The charts, the deflationary forces re-appearing such as retail sales down 1.2% in a month, unemployment about to rocket higher due to the temporary census jobs expiring, European financial destabilization, these event you would think trigger someone to say "we can't keep doing the same thing, we must change course".
In addition, Money supply, classically known as M3, which has been discontinued by the government tracking since 2006, has taken a nose dive not seen since the Great Depression. The web site ShadowStats still tracks M3, as shown below. This is also Deflationary.
I am starting to think, there is no way the government will do the right thing. The government in the next few months WILL announce some crazy scheme of drunken spending to top the last year's efforts.
But as a stock trader, the question is when. I have to assume its not "tomorrow", and trade without the benefit of insider information. If the US does do something drastic, to "double down" on making the US insolvent, I fear that will be the jump the shark moment for the US.

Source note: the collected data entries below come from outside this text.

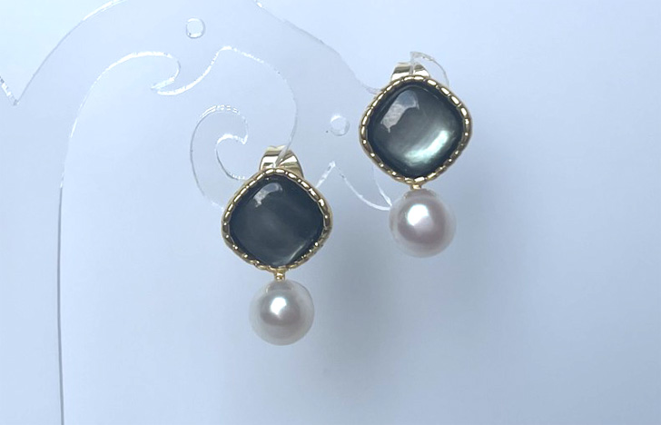 Tahitian seashell is made of 6mm cultured freshwater white pearls and genuine shell. All metals including butterfly earring back and post are gold filled copper.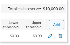 Click Add. This opens the Cash Reserve Settings dialog box.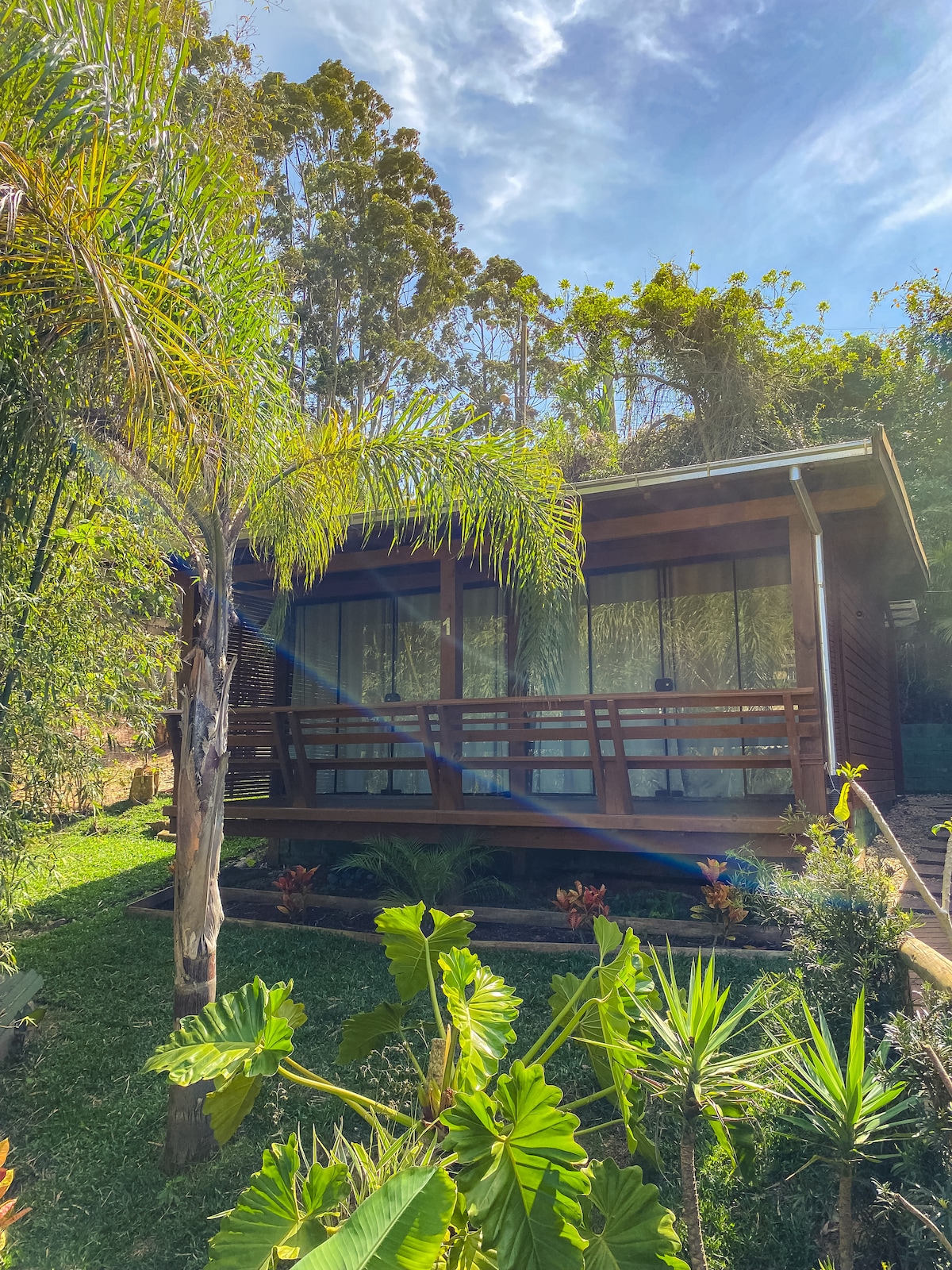 🌿 Le chalet 1 à Koru Cabanas est une retraite paisible entourée de verdure, offrant plus d'intimité pour votre séjour. 🌻 La propriété dispose de 3 chalets, d'un jardin avec un étang et d'un espace barbecue commun. 🏡 Le logement peut accueillir jusqu'à 3 personnes (chambre double + canapé-lit), dispose d'une cuisine entièrement équipée, d'une connexion Wi-Fi, de la climatisation et d'une place de parking. 📍Nous sommes à 600 mètres du centre et à 1,2 km de Praia do Rosa.

US bond rates are down, US dollar valuation is up, world looks "bad", US, not as "bad" relatively speaking. That edge give the politicians room to double down, to in effect "use up" the good credit available to the US. Then to throw that good credit down into the debt monster in a fruitless effort to stimulate demand.
The point of this entry is to call out that if the market cracks lower, the decline is at the mercy of those who can change the game in the near term. And the US government now has the breathing space to do so. But once the credit of the US is "used up" and rates move towards 5% for 30 year bonds, the government may finally get what is seems so hell bent to accomplish, and that is cause a US solvency crisis.